**Saved data entries:**
%%

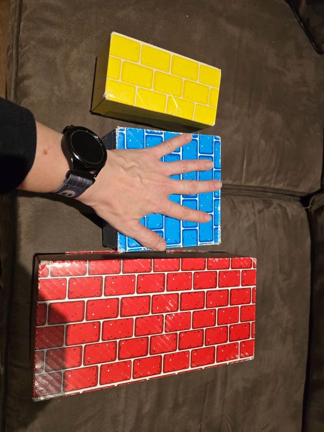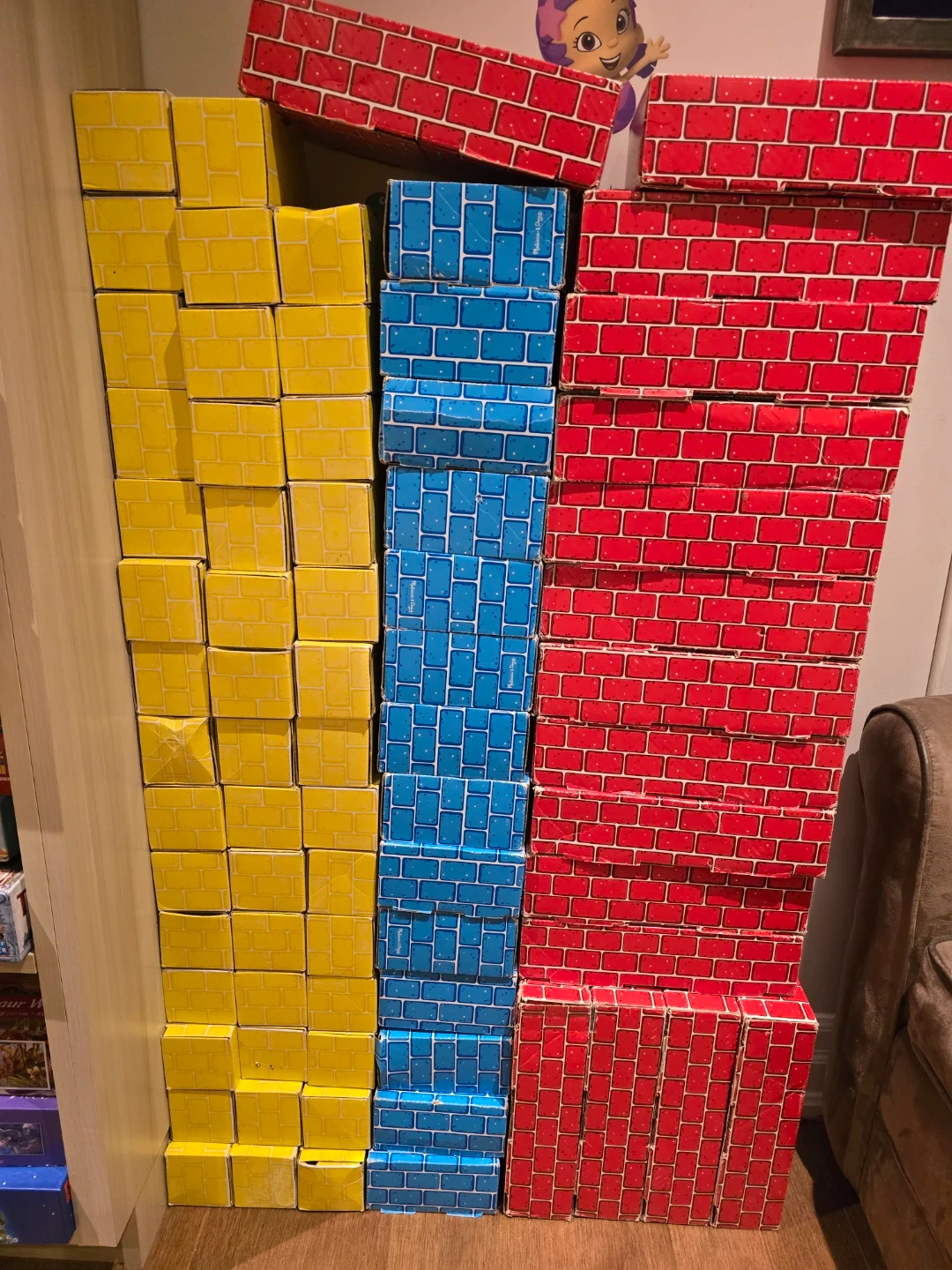 Used jumbo cardboard blocks. A few you can tell have been squished and put back together but most are in decent condition (been mostly unused after a few months of play, but that was almost 10 years ago and they sometimes fall and get kicked around). Remarkably durable for just being cardboard
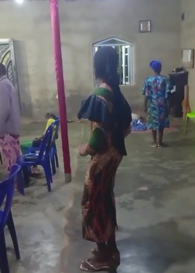 n indoor scene with a woman in a colorful dress standing with her back to the camera. She is wearing a dress that is patterned with shades of green, red, and brown, and has a ruffled black piece over her shoulders. She has long black hair down her back and brown shoes. In the background, there are other people sitting in chairs, standing, and milling about. Several blue plastic chairs are visible, along with a green plastic chair. A red pole is centrally positioned in the room. The room itself has simple, painted walls, a window with bars, and bare floors. A framed picture hangs on the wall. The lighting is provided by overhead bulbs, which are somewhat glaring. Music can be heard.
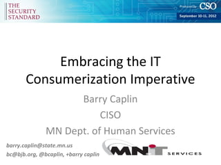 Barry Caplin, CISO of the MN Dept. of Human Services, discusses embracing consumerization and the security challenges of tablets and smartphones. He outlines the rapid adoption of these devices and consumer apps. Some key security risks include exposure of data, malware, lack of vetting and updates for third party apps, and privacy issues. Caplin provides an overview of potential technical solutions like mobile device management, virtualization, and containerization as well as the importance of policy, legal considerations, and user education when implementing a BYOD or mobile strategy.
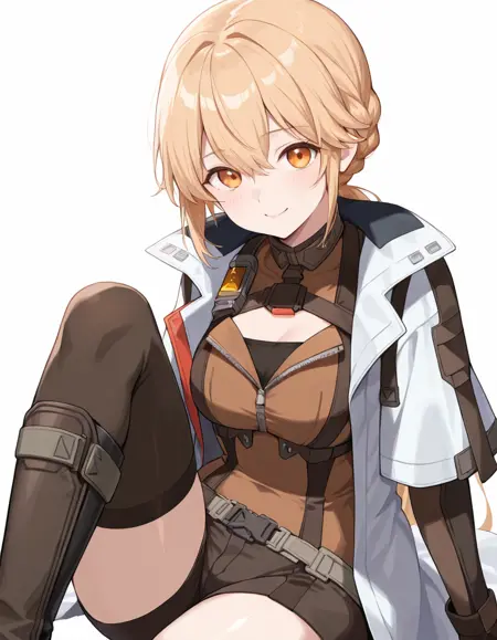 Grozadef, grz_shirt, grz_coat, open coat, grz_straps, grz_shorts, grz_belts, grz_gloves, grz_single_thighhigh, grz_knee_boots
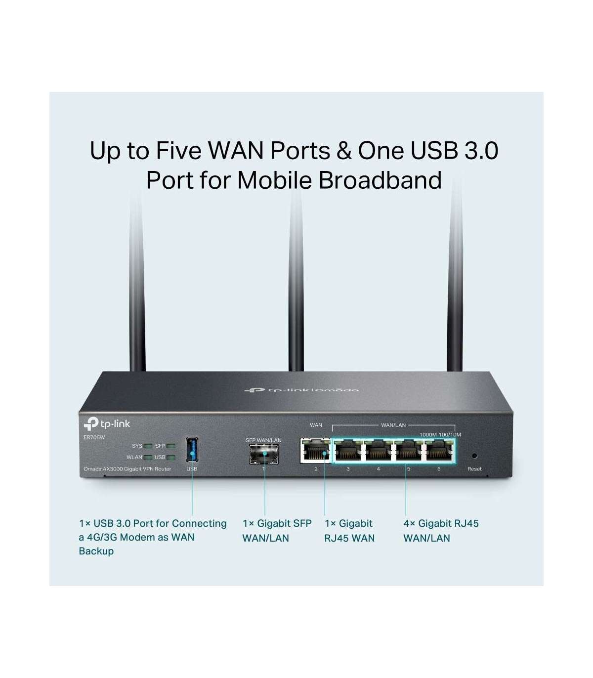 SafeStream Gigabit Multi-WAN VPN Router ER706W 802.1q Ethernet LAN (RJ-45) ports 1× Gigabit SFP WAN Port, 1×

%%

**Work request:**
Write out all the entries again, word for word, and print no images.

**Solution to this exercise:**
 Used jumbo cardboard blocks. A few you can tell have been squished and put back together but most are in decent condition (been mostly unused after a few months of play, but that was almost 10 years ago and they sometimes fall and get kicked around). Remarkably durable for just being cardboard
 n indoor scene with a woman in a colorful dress standing with her back to the camera. She is wearing a dress that is patterned with shades of green, red, and brown, and has a ruffled black piece over her shoulders. She has long black hair down her back and brown shoes. In the background, there are other people sitting in chairs, standing, and milling about. Several blue plastic chairs are visible, along with a green plastic chair. A red pole is centrally positioned in the room. The room itself has simple, painted walls, a window with bars, and bare floors. A framed picture hangs on the wall. The lighting is provided by overhead bulbs, which are somewhat glaring. Music can be heard.
 Barry Caplin, CISO of the MN Dept. of Human Services, discusses embracing consumerization and the security challenges of tablets and smartphones. He outlines the rapid adoption of these devices and consumer apps. Some key security risks include exposure of data, malware, lack of vetting and updates for third party apps, and privacy issues. Caplin provides an overview of potential technical solutions like mobile device management, virtualization, and containerization as well as the importance of policy, legal considerations, and user education when implementing a BYOD or mobile strategy.
 Grozadef, grz_shirt, grz_coat, open coat, grz_straps, grz_shorts, grz_belts, grz_gloves, grz_single_thighhigh, grz_knee_boots
 SafeStream Gigabit Multi-WAN VPN Router ER706W 802.1q Ethernet LAN (RJ-45) ports 1× Gigabit SFP WAN Port, 1×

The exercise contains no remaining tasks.